4.1.3. Examples in Wheat
Recent advances in wheat genomics have led to the implementation of high-density SNP genotyping in wheat [72–75]. Gene-based SNP markers were developed for Lr34/Yr18/Pm38 locus that confers resistance to leaf rust, stripe rust, and powdery mildew diseases [76]. These markers serve as efficient tools for MAS and MAB of disease resistant wheat lines. Another economically important wheat disease, Fusarium head blight (FHB), has been extensively studied. Several QTL controlling FHB resistance have been identified, with the most important being Fhb1 [77]. Recently, SNP markers were mapped between the known flanking markers for Fhb1 [78]. These new markers would be useful for MAS and fine mapping towards cloning the Fhb1 gene. MAS in wheat has been extensively applied for simple traits that are difficult to score [79].
4.1.4. Examples in Soybean
In order to improve the effectiveness of MAS and clone soybean aphid resistance gene, Rag1, fine mapping was done to accurately position the gene, which was previously mapped to a 12 cM interval [80]. The authors mapped the gene between two SNP markers that corresponded to a physical distance of 115 kb and identified several candidate genes. Similarly, another aphid resistance gene, Rag2, originally mapped to a 10 cM interval, was fine mapped to a 54 kb interval using SNP markers that were developed by resequencing of target intervals and sequence-tagged sites [81]. In another study that used a similar approach, the authors identified SNP markers tightly linked to a QTL conferring resistance to southern root-knot nematode by developing these SNP markers from the bacterial artificial chromosome (BAC) ends and SSR-containing genomic DNA clones [82]. In all of these examples the main idea behind the identification of closely linked SNP markers was to enhance the efficiency and cost effectiveness through MAS and increase the resolution within the target locus.
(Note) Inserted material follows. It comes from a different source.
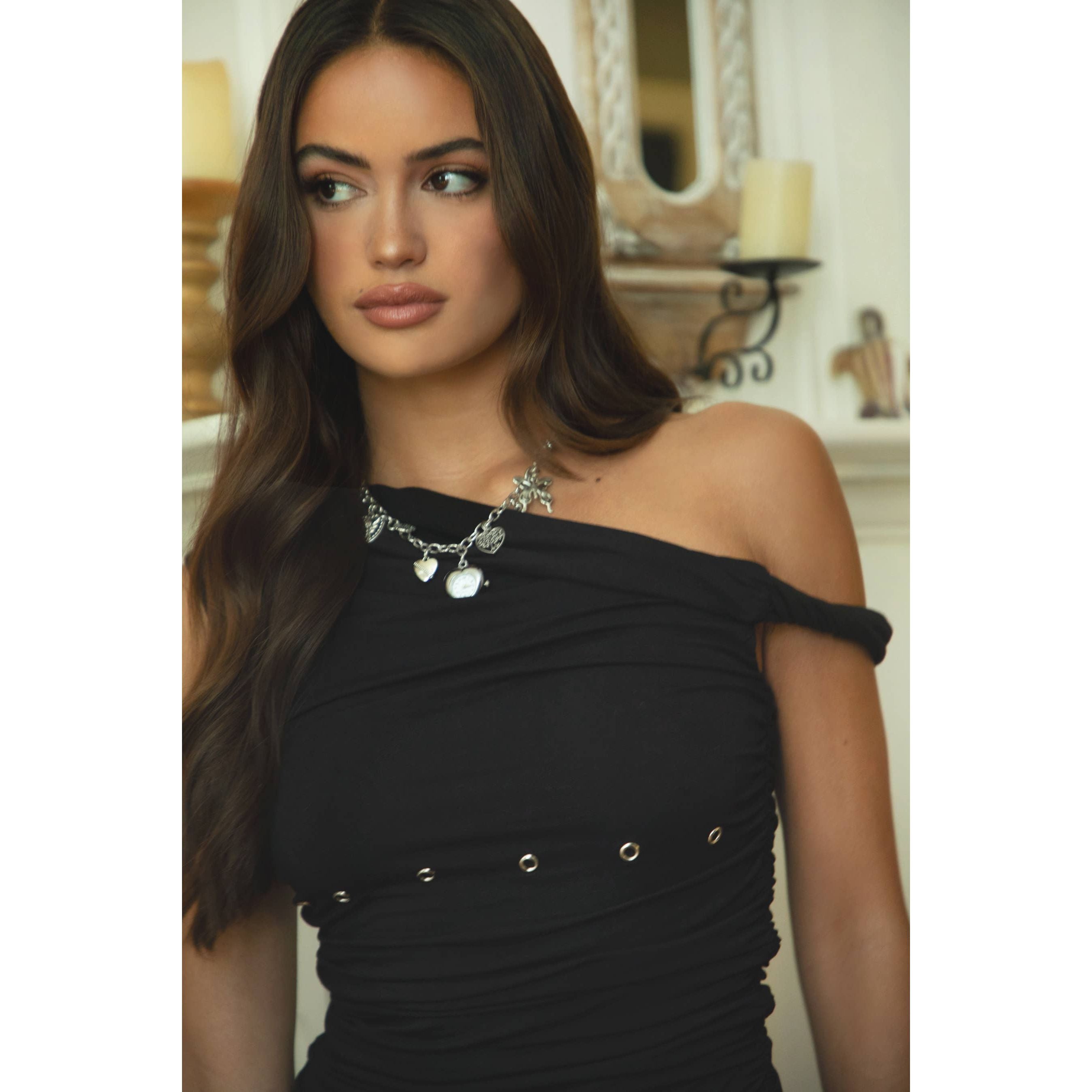 The Azalea Asymmetrical Mini Dress combines contemporary design with versatile styling. Featuring a striking one-shoulder silhouette with twisted strap detail, this piece showcases exposed studded embellishments across the torso for an edgy touch. Strategic ruching at the seams creates flattering dimension, while the flirty hemline and integrated shorts-style lining ensure comfort and confidence. Crafted from stretch rayon-spandex jersey, the fabric moves with you through any occasion—from casual summer outings to back-to-school moments and boho-inspired gatherings. An effortless statement piece that transitions seamlessly across seasons.
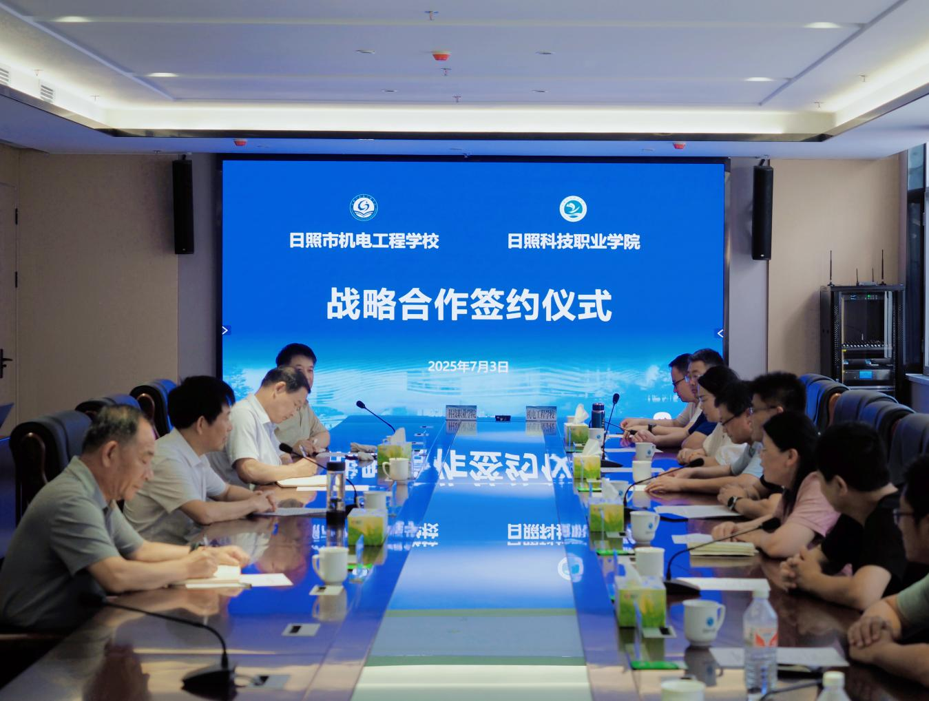 7月3日,日照科技职业学院与日照市机电工程学校战略合作签约仪式在共享学习中心四楼行政会议室隆重举行。日照市机电工程学校校长岳超磊、副校长苏清照,日照科技职业学院院长李世昌、学生工作处长孙玉琢、招生就业处长孔凡辉,以及两校相关职能部门、教学单位负责人参加签约仪式。仪式由日照科技职业学院副院长崔太国主持。

4.1.5. Examples in Other Crops
In a study conducted in canola to map the fad2 and fad3 gene, single nucleotide mutations were identified by sequencing the genomic clones of these genes and subsequently SNP markers were developed [83]. Allele-specific PCR assays were developed to enable direct selection of desirable fad2 and fad3 alleles in marker-assisted trait introgression and breeding. In barley, SNP markers were identified that were linked to a covered smut resistance gene, Ruh.7H, by using high-resolution melting (HRM) technique [84]. In sugar beet, an anchored linkage map based on AFLP, SNP, and RAPD markers was developed to map QTL for Beet necrotic yellow vein virus resistance genes, Rz4 [85] and Rz5 [86]. A consensus genetic map based on EST-derived SNPs was developed for cowpea that would be an important resource for genomic and QTL mapping studies in this crop [87]. In one of the post-genomic era studies in 2002, the fine mapping and map-based cloning approaches were used to clone the VTC2 gene in Arabidopsis [88]. The authors fine mapped the gene interval from ~980 kb region to a 20 kb interval with SNP and InDel markers. Additional nine candidate genes were identified in that interval and subsequently the underlying mutation was discovered. Although only a few examples that demonstrate the application of SNP markers in QTL mapping and genomic studies have been mentioned here, several other studies have been published in this area. Recent advances in HTP genotyping technologies and sequence information will further pave the way for rapid identification of causative variations and cloning of QTL of interest for use in MAB.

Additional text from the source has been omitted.